Thankfully, most wine lists fall somewhere in- between these two extremes, with the intention of presenting the customer with some form of information, including price, on the range of wines on offer.
An intention which often falls far short of its goal, except with regard to price.
A well-constructed wine list should have a balance of types and styles of wine in relation to the establishment and its clientele, with at least a few words on each wine so that the customer may determine to some degree whether the intended choice will suit. The more information, the better – up to a point. The majority of consumers do not want to read a short novel before deciding on their wine choice and reams of information may be both unwieldy and unnecessary, with some consumers being more interested than others.
And so, enter the wine list for the twenty first century.
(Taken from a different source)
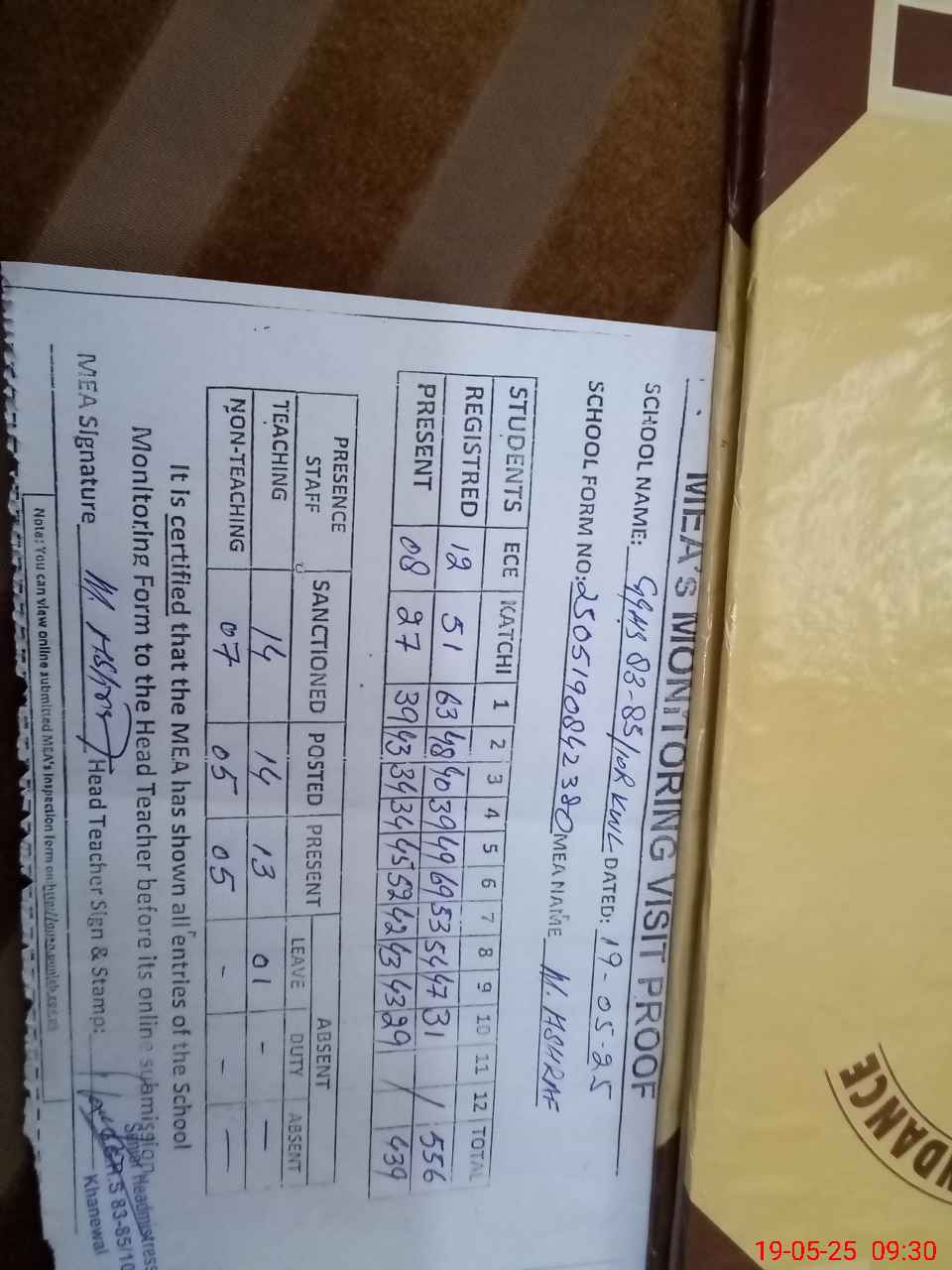 | EMIS Code: 36420100 | Name of School: GGHS 83-85/10-R, KHANEWAL | |||

An electronic list on a tablet mounted on a stand. By no means unique, this was the style of wine list placed on my table last week in a restaurant in the centre of Bordeaux. The restaurant is called ‘Le Quatrième Mur’ and is located inside the Grand Theatre on Place de la Comédie. The chef, Philippe Etchebest, had a 2 star Michelin restaurant in Saint Emilion, but moved here to create ‘bistronomy’ rather than gastronomy, to be accessible to a wider audience, in a chic and contemporary brasserie atmosphere. And a further innovation is the i-pad style wine list.
From the screen menu, you can choose wines by the glass or wines by the bottle and subsequently red, white, rose, sparkling or sweet, firstly having chosen your language from a choice of eight - including Greek. Each wine naturally shows the price, together with a brief description as to its provenance and style. Then click on the wine and you are taken to an in-depth description of the vineyard, it’s climate, soils, history, together with detailed tasting notes.
A further button on the menu bar concerns food and wine pairings. Thus, from your chosen food menu, you select the dish and the programme will give a selection of wines which are most appropriate. The system perhaps begs the question as to the need for a Sommelier in such circumstances. Having posed the question to the restaurant manager, I was swiftly reassured that a sommelier would always be available for consultations and advice. However, there is only one sommelier and with a full restaurant of 150 covers, if you include the terrace, he/she maybe somewhat stretched. And hence the great advantage of the electronic sommelier, which can not only provide a detailed description of each wine, but advise on which wine to drink with which dish of the restaurant’s menu.
There is no doubt in my mind that the ‘tablet’ style wine list is here to stay and that it puts a wonderful amount of information at the diner’s fingertips – all of which is brilliant for those interested enough to get to the detail. But they should always be an additional resource of sommelier input, since it is impossible to replace the years of knowledge and experience of the professional sommelier, with his insight, tasting experience and personal recommendations, so invaluable to a perfect dining experience.